Neodyum Miknatis
amateur porn
implant
olabahis
Casino Siteleri
Kayseri escort
canli poker siteleri kolaybet meritslot
escort antalya
istanbul escort
sirinevler escort
antalya eskort bayan
brazzers
Articles

The Growth of Collective Redress in the EU: A Survey of Developments in 10 Member States—the need to maintain safeguards

The Growth of Collective Redress in the EU: A Survey of Developments

The Growth of Collective Redress in the EU: A Survey of Developments in 10 Member States—the need to maintain safeguards

30.05.2017

In 2013, the European Commission adopted a Recommendation on Collective Redress. It invited Member States to adopt a collective redress framework by July 2016 that would include the features mentioned in the Recommendation and then by July 2017, to report to the Commission about the extent to which they had done so. On the basis of the Member States’ report, the Commission will assess whether further actions by the EU is required.

After some years of hesitation by national legislatures, it is now clear that collective redress or so-called class-action models are multiplying across the EU. A large majority of the Member States now have at least one way for claimants to combine their claims and sue an alleged harm-causing party or parties for damages before national courts.

Though collective redress presents advantages (mainly the potential time and cost efficiency of dealing with multiple, similar claims at the same time), such mechanism is not without risks. In particular, experience in non-EU jurisdictions has shown that the opportunity to aggregate claims can in some cases cause litigation abuse. This potential for abuse is more potent where the rewards of litigation far outweigh the risks meaning that there are significant financial incentives for filing weak (or even entirely meritless) claims.

The Commission’s 2013 Recommendation acknowledged this risk and proposed several safeguards that are intended to prevent abusive litigation by keeping the risks and rewards under control.

It is particularly appropriate to determine whether safeguards have been adopted at all, and whether and how those safeguards are being implemented in practice.

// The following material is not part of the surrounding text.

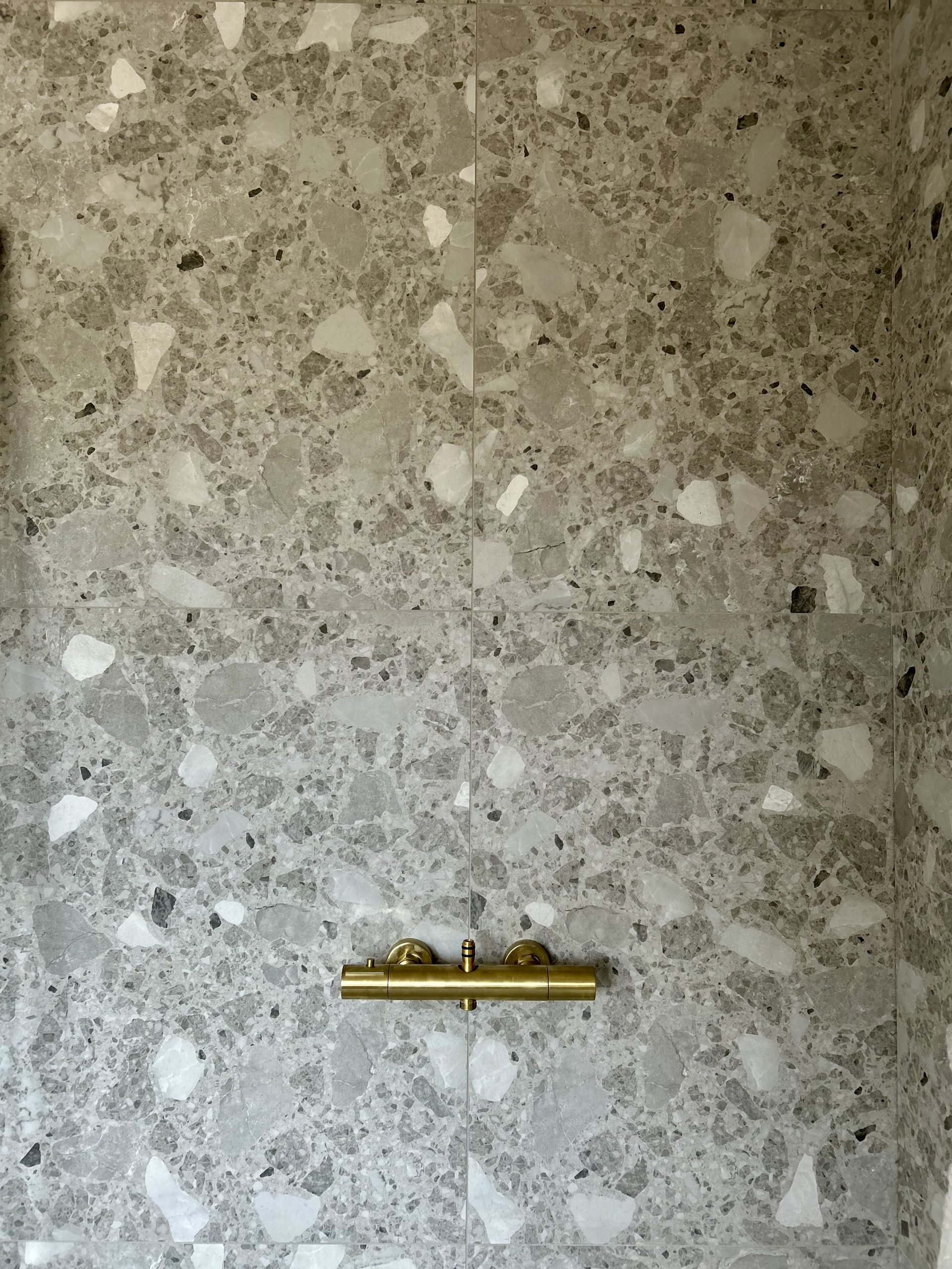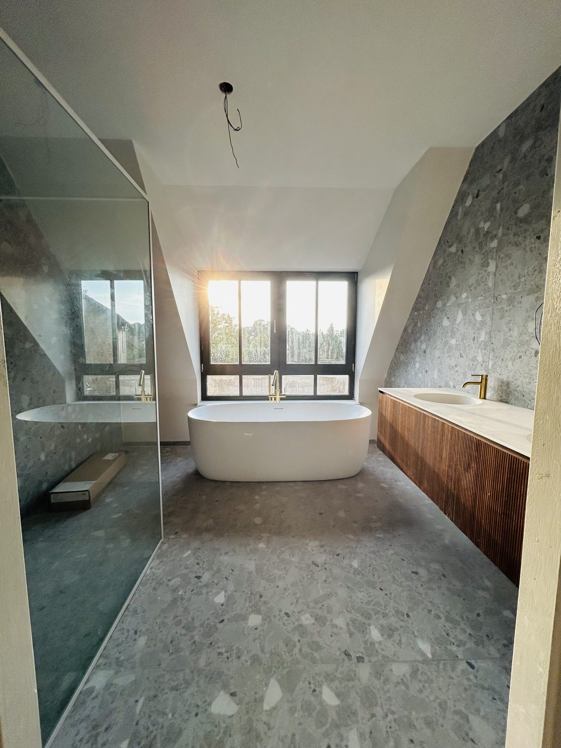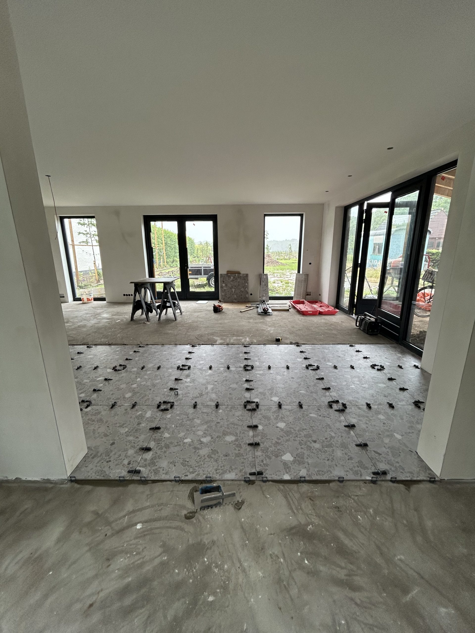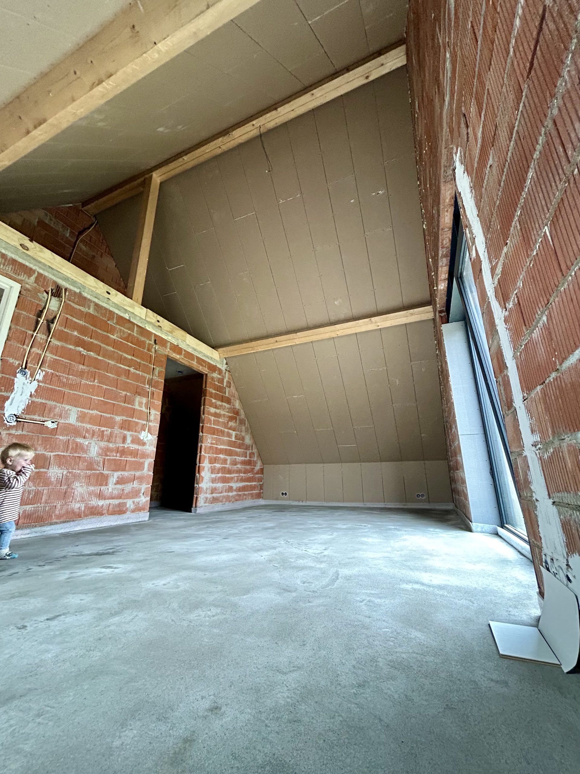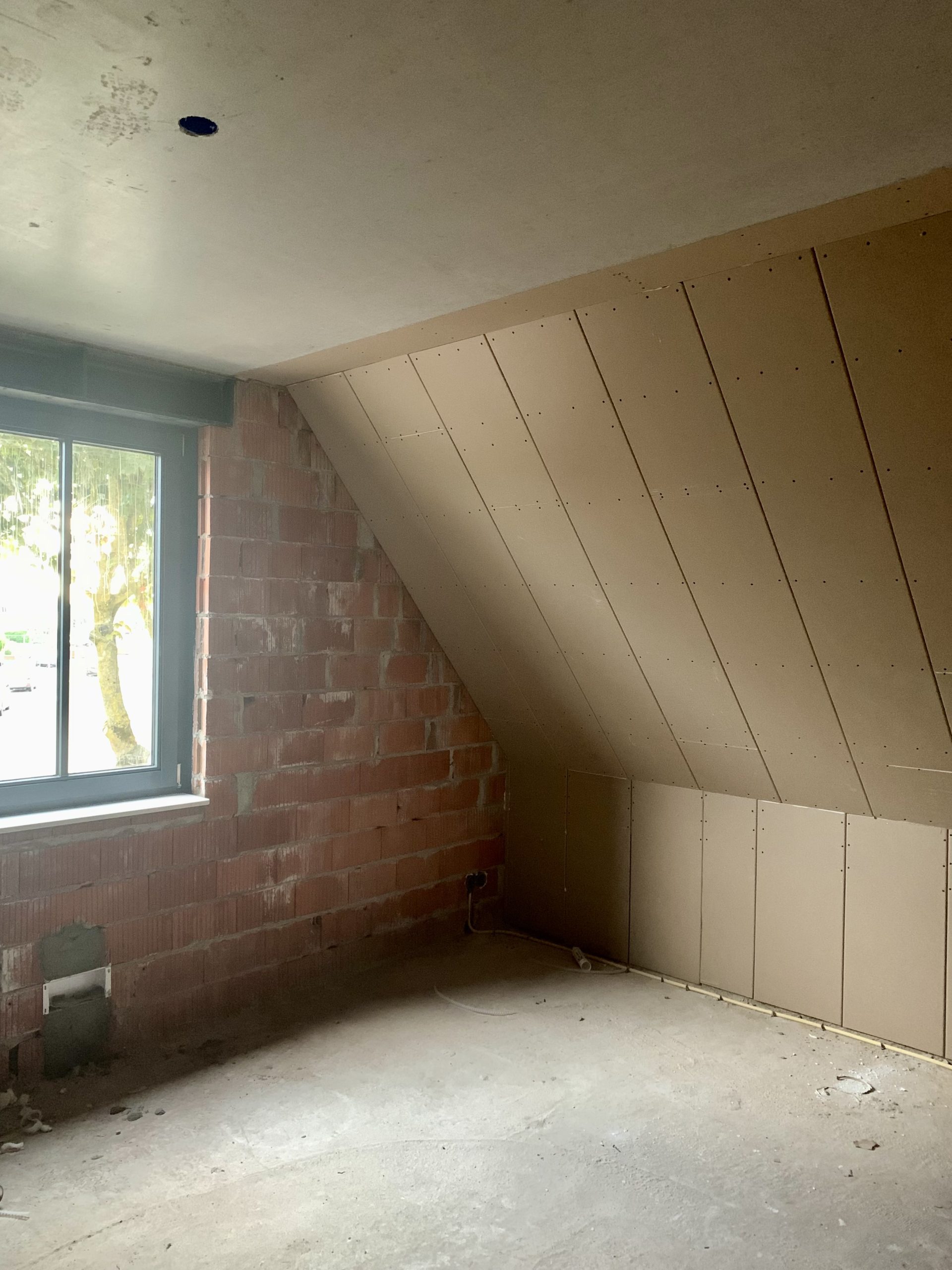 In de tweede week van juli (2024) is de stukadoor klaar. Het stucwerk binnen zit er super strak in en intussen is het hopen dat de cementdekvloer droog genoeg is omdat de vloertegels erin moeten. Doordat er wordt gestuct is de vloer afgedekt en daardoor kan de vloer niet goed ademen. Gelukkig komt het goed – zoals altijd – en is alles op tijd droog genoeg. Op dinsdag komt de tegelzetter (met vier man sterk) en drie dagen later ligt de hele vloer op de onderverdieping erin en is deze gevoegd. Ook is de wc onder betegeld. Geweldig. In het weekend is het dan eindelijk zo ver voor Lea: ze gaat zelf een muurtje tegelen met 10×10 geglazuurde gebakken tegeltjes. En tegen dit mooie muurtje komt uiteindelijk onze beste implusaankoop ooit te staan: het elektrische haardje. De week erop – tweede week van juli – maakt de stukadoor de cementplint buiten af, waardoor het huis bijna klaar is aan de buitenkant. En binnen nemen we zelf de eerste kamers onder handen. De slaapkamer van Jolijn wordt als eerste ververfd en ik behang twee muren. Het is nog een goede zoektocht om de kleur van de muren en plafond uit te kiezen. Uiteindelijk hakken we de knoop door; het wordt een Flexa kleur en wel Gentle Stone. En voor ik het vergeet: we beslissen ook nog even tussendoor om op de zolder laminaat te leggen, zodat we het ook daar direct netjes hebben. Alleen hebben we daar geen cementdekvloer laten storten. Maar met een kapkamer, handveger en blik kom je een heel eind om de vloer waar nodig te egaliseren. Binnen een drie dagen ligt de vloer netjes op de zolder. Mooi zo.

Against this background, the U.S. Chamber Institute for Legal Reform (ILR) has ordered a survey on the “state of play” of collective redress in 10 Member States (including all of the largest economies). The survey was coordinated by Sidley Austin LLP in Brussels. It called on the expertise of practitioners in all of the Member States surveyed, including Stibbe Amsterdam (Jeroen Kortmann) for the Netherlands and Stibbe Brussels (Oliver Stevens) for Belgium[1]. The survey identifies trends and issues that seem to be emerging across the EU. It finds that Member States have been accelerating the introduction of policies that simplify lawsuits, with the value and volume of claims increasing steeply. However, ILR’s study also finds that Member States, depending on the Member State in question, have failed to a larger or lesser extent to implement or maintain important safeguards for collective redress.

To view the PDF version of the survey, please click here.

 

Footnotes:

[1] Stibbe has not contributed to the editing of the report.

Team

Related news

12.11.2020 NL law
The Dutch Scheme – high flexibility in plan contents and possibility to affect group guarantees

Short Reads - The Act on confirmation of private restructuring plans (Wet homologatie onderhands akkoord) – which introduces a framework allowing debtors to restructure their debts outside formal insolvency proceedings (the “Dutch Scheme“) – was adopted by the Dutch Senate on 6 October 2020 and will enter into force on 1 January 2021. In previous blogs we have summarised when the Dutch Scheme can be used, who can make use of the initiative, and what action is required.

Read more

11.11.2020 EU law
Innovatie en staatssteun. Het CBb leidt de weg bij de belangrijke definities industrieel onderzoek en experimentele ontwikkeling

Short Reads - Het College van Beroep voor het bedrijfsleven (“CBb”) heeft op 6 oktober 2020 in een subsidiegeschil nadere invulling gegeven aan het onderscheid tussen “industrieel onderzoek” en “experimentele ontwikkeling”. Dit onderscheid staat centraal in nationale subsidieregelingen en Europese staatssteunregels die overheidsinvesteringen in onderzoek, ontwikkeling en innovatie (“O&O&I”) mogelijk moeten maken.